> _Work to complete_: The result should be the lines from the one holding "セキュリアガーデン御所野堤台F-12号地(撮影年月=令和元年5月)" to the final line of the records below, repeated exactly and with no pictures.

● ● ● ●

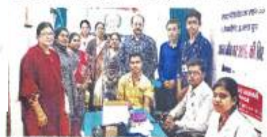
धूमतरी, शिविर में भोजन कोलेज के स्टार एवं फैथली की कर्मचारी।

छप्रहरी। बॉसीएस पोनी कॉलेज में युव रोडक्रास इकाई ने एनासाएस एनसीसी कैम्पेट्स के सहयोग से रक्त परीक्षण शिविर लगाया। इस दौरान 181 छात्र-छात्राओं ने अपना रक्त परीक्षण कराया। शिविर में मित्रतामेव की भी जांच की गई।
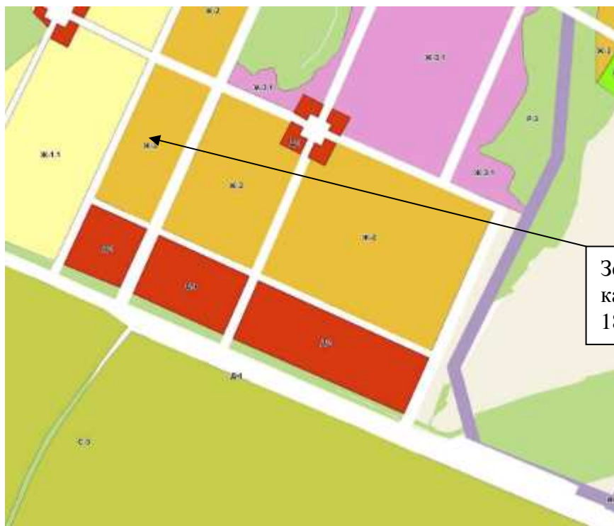
Рис.2. Выкопировка из ПЗЗ г.Воткинска.

Земельный участок с кадастровым номером 18:27:070002:526
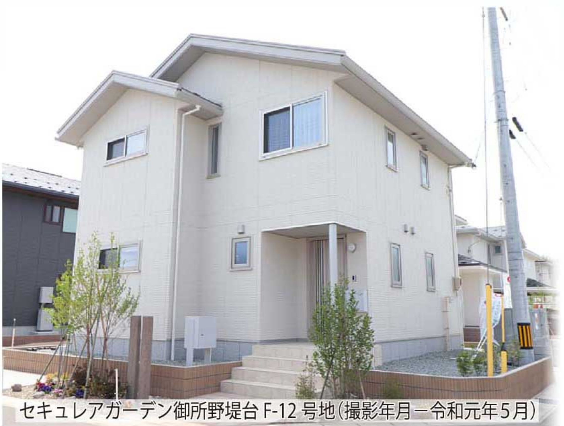
セキュリアガーデン御所野堤台F-12号地(撮影年月=令和元年5月)

セキュリアガーデン飯島緑丘町A-1号地、御所野堤台F-12号地は、「家事を楽しもう。家族を楽しもう」がコンセプトの「家事シェアハウス」。家事を「家族みんなのこと」と考え、みんなで自然に家事をシェアできるよう工夫。「自分専用カタツケロッカー」「お便り紙蔵庫」「ビューティークローゼット」などを備え、家事に対する気持ちの負担を軽減できる環境に満ちています。
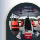
Melalui Jalan Air (menaiki bot)

● ● ● ●

> _Response area_:
セキュリアガーデン御所野堤台F-12号地(撮影年月=令和元年5月)

セキュリアガーデン飯島緑丘町A-1号地、御所野堤台F-12号地は、「家事を楽しもう。家族を楽しもう」がコンセプトの「家事シェアハウス」。家事を「家族みんなのこと」と考え、みんなで自然に家事をシェアできるよう工夫。「自分専用カタツケロッカー」「お便り紙蔵庫」「ビューティークローゼット」などを備え、家事に対する気持ちの負担を軽減できる環境に満ちています。
Melalui Jalan Air (menaiki bot)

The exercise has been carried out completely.